Exactly. And let me add that the existing standards for PowerPC systems,
that is PReP and CHRP/PPCP both mandate that systems must have OpenFirmware.
> Now, it's my understanding that the BeBox doens't have OpenFirmware (please
> correct me if I'm wrong). So, NetBSD/powerpc, with the structure I'd like
> to see, won't run on them ... they'd require "NetBSD/be", or something.
> Now, NetBSD/be could pull _quite a lot_ of code from the "generic PowerPC"
> area of the source tree; essentially, trap handling, most of locore
> (except initialization), pmap (except for pmap bootstrap, probably), etc.
> This would save a lot of work doing a port to the BeBox.
This is the idea for PowerPC machines that don't have OpenFirmware.
To make this possible, I did (try to) separate out the code that depends
on OpenFirmware from the rest of the code into its own file. This
(hopefully) allows sharing of the rest of the code with other ports.

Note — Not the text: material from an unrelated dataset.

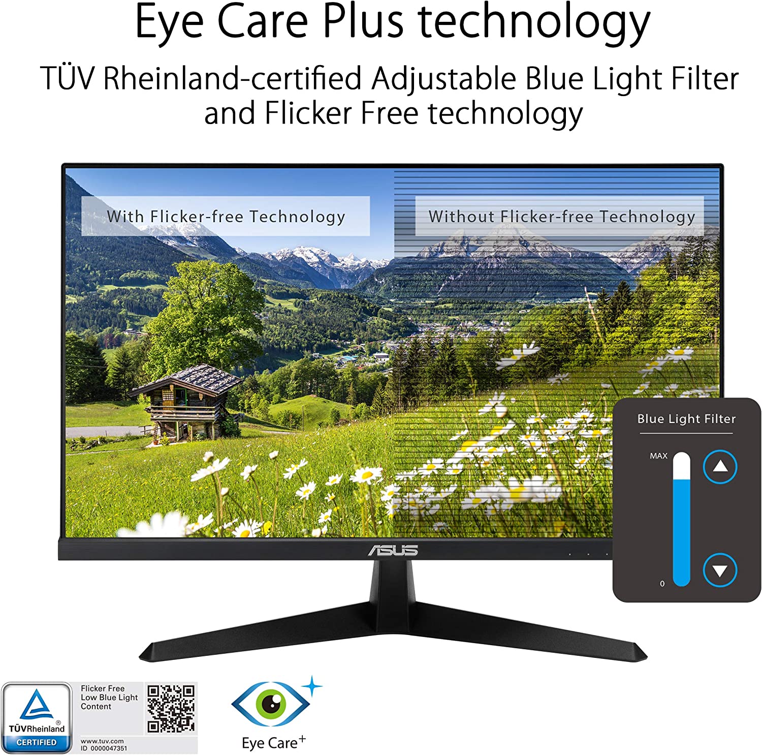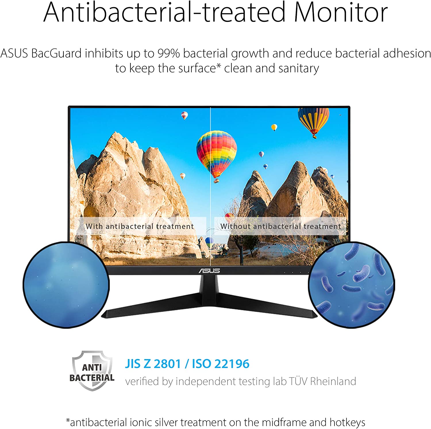 The 23.8” VY249HE monitor is equipped with ASUS BacGuard, a ionic silver treatment applied on the midframe for a more sanitary surface. With Eye Care Plus, the VY249HE features additional color augmentation and rest reminder modes for a more user-friendly experience.

Something similar to the existing sys/arch/m68k, but with a real
working implementation in this directory, too, that would run on
(eventually) most PowerPC machines.
> SMP is a goal for NetBSD in general... We'd like it for PCs, SPARCs,
> Alphas, PowerPCs, etc. The FreeBSD SMP code, the last I looked at it,
> needed significant work to be "generic".
Note that the FirePower machine I used to develop this on does have
two 604s :-).
> Well, NetBSD/powerpc does run multi-user, and it is in the post-1.2
> current sources, so it should be available for supping Real Soon Now.
OK, leave me a few days to clean up the user level code before checking
> Also, I've been told that the OpenFirmware Macs don't use ELF for the
> boot program format, but use XCOFF instead. This shouldn't be that
> big of a deal; just write a small program that converts a.out (which
> is currently the executable format used by NetBSD/powerpc) to XCOFF.
> (Something similar is currently used for ELF.)
This is the one thing that needs to be written to make NetBSD/powerpc
work on current PCI Macs. The other thing that's probably neccessary
is the modification of the disklabel code, as it currently assumes
the existance of a MBR on disks, just like standard PCs.
Unfortunately, I don't have access to any PowerMac (let alone PCI
> Perhaps a way to unify all these things is to build second stage boot
> loaders in the appropriate formats. (The idea that they'd have open
> firmware but NOT use one boot format seems mildly sick...)
Hmm, I don't think that it's appropriate to support all these object file
formats in the linker just for the boot code. Apart from that, the
standard ELF format used for booting on PReP and CHRP/PPCP machines needs
a special notes section anyway, that probably doesn't make sense to
include in other object modules.
While your remark about the different boot formats is quite justified
let me say that the initial reason for vendors to choose a standard
firmware wasn't to allow the use of the same OS on different machines,
but that they would become able to use standard hardware without the
need to provide appropriate driver code in their machine's firmware.